* _Problem to solve_
Would you please print exactly the lines that run from the one with "本次学院的6支参赛队伍、共计" to the last line of the data, both included, without any pictures?

*** The data ***

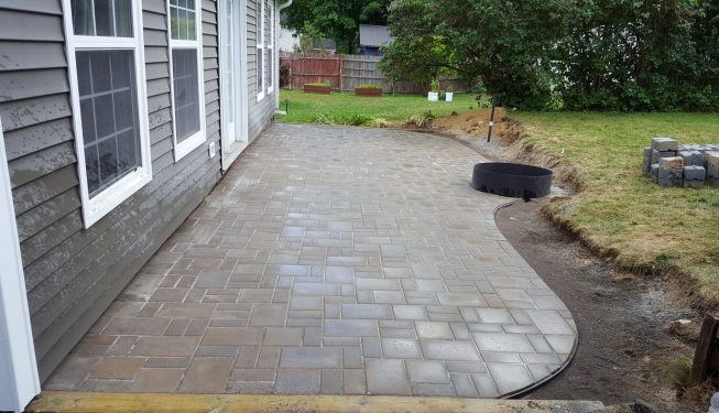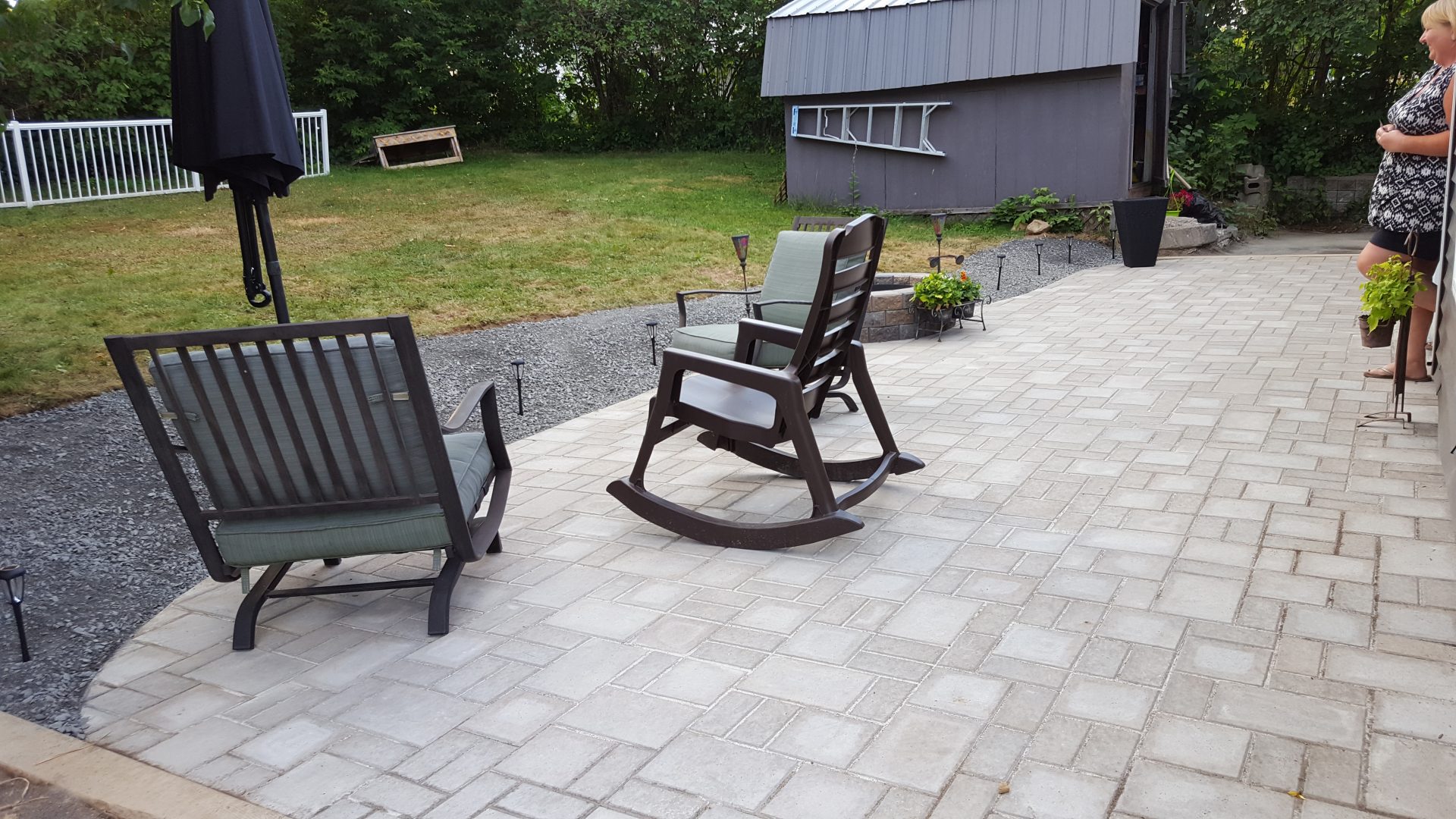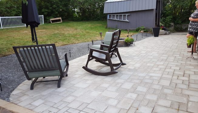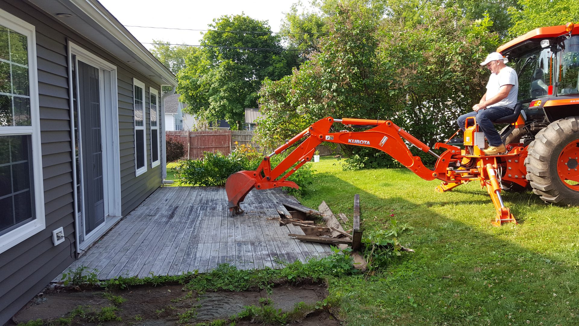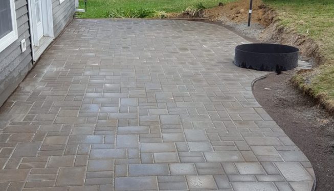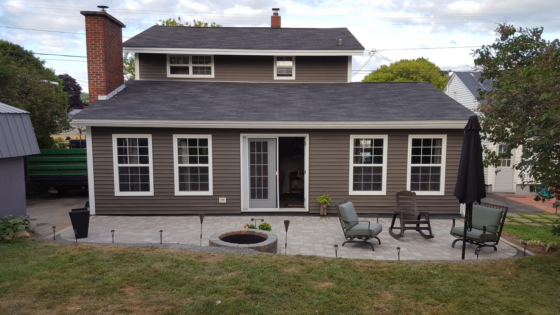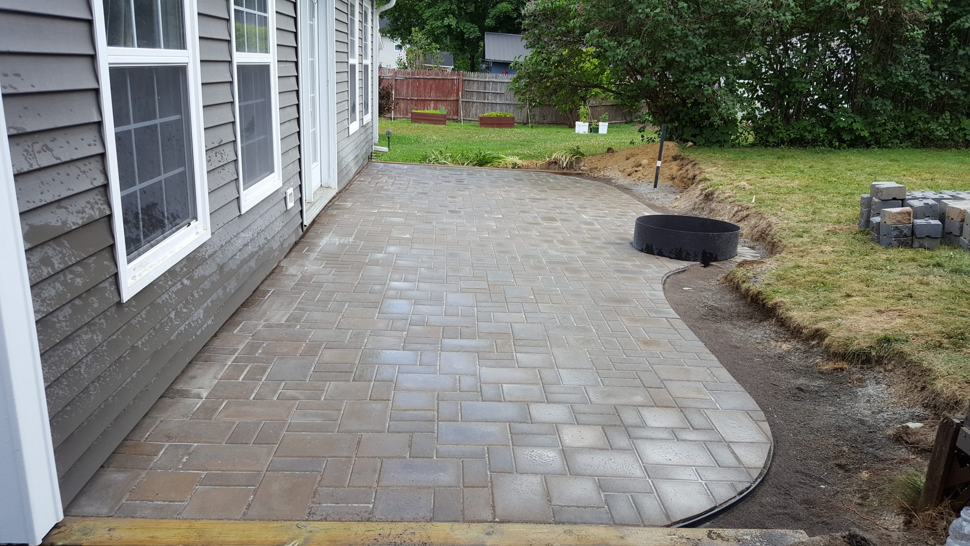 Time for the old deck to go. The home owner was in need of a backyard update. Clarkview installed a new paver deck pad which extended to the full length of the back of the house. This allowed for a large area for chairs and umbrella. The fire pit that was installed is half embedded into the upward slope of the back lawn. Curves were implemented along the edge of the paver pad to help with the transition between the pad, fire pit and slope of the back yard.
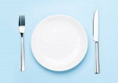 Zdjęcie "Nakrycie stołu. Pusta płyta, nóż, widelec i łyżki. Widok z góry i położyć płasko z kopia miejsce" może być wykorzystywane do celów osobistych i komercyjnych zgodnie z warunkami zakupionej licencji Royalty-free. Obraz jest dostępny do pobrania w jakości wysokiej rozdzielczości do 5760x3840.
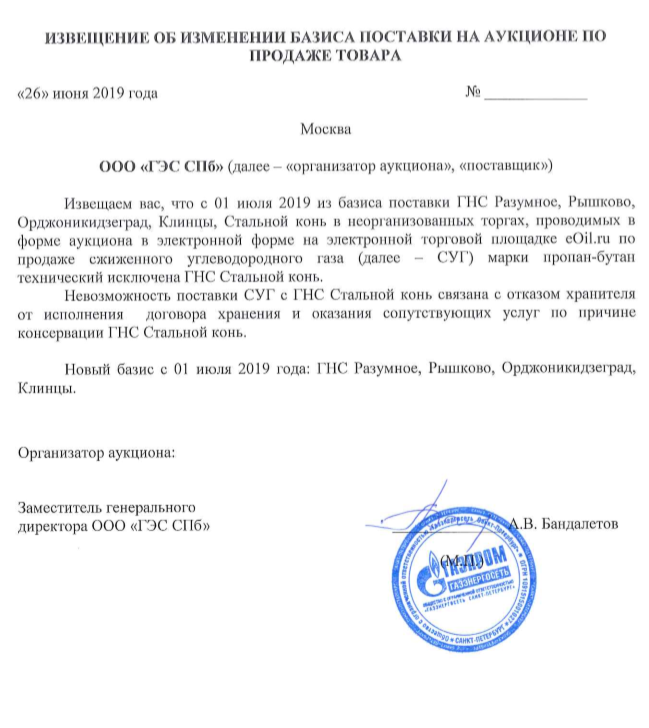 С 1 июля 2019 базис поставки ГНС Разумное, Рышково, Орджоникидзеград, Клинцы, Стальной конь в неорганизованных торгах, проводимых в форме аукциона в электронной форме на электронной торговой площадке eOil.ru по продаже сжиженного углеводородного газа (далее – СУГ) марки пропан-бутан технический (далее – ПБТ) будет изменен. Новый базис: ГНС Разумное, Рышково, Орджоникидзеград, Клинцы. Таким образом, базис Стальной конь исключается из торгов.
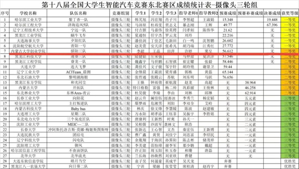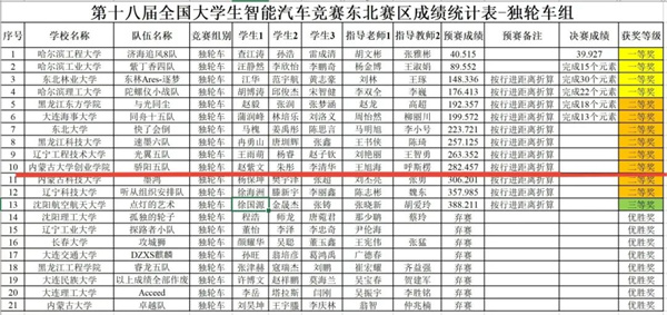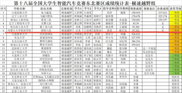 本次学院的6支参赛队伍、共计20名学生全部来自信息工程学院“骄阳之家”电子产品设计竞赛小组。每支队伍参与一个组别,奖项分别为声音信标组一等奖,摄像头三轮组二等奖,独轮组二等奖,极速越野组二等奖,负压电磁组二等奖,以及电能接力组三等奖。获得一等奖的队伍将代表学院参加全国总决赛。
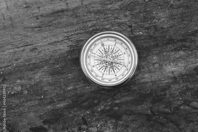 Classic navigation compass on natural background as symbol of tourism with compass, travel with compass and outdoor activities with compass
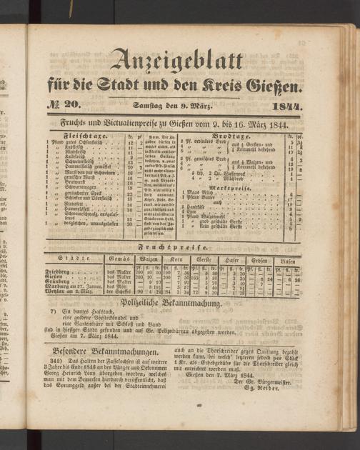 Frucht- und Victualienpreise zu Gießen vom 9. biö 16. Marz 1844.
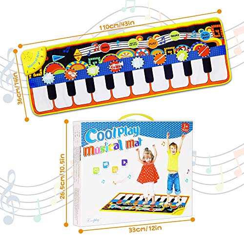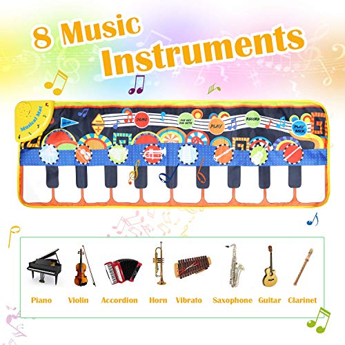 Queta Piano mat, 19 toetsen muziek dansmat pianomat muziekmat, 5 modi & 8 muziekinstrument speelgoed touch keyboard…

*** End of The data ***

* _Response_
 本次学院的6支参赛队伍、共计20名学生全部来自信息工程学院“骄阳之家”电子产品设计竞赛小组。每支队伍参与一个组别,奖项分别为声音信标组一等奖,摄像头三轮组二等奖,独轮组二等奖,极速越野组二等奖,负压电磁组二等奖,以及电能接力组三等奖。获得一等奖的队伍将代表学院参加全国总决赛。
 Classic navigation compass on natural background as symbol of tourism with compass, travel with compass and outdoor activities with compass
 Frucht- und Victualienpreise zu Gießen vom 9. biö 16. Marz 1844.
 Queta Piano mat, 19 toetsen muziek dansmat pianomat muziekmat, 5 modi & 8 muziekinstrument speelgoed touch keyboard…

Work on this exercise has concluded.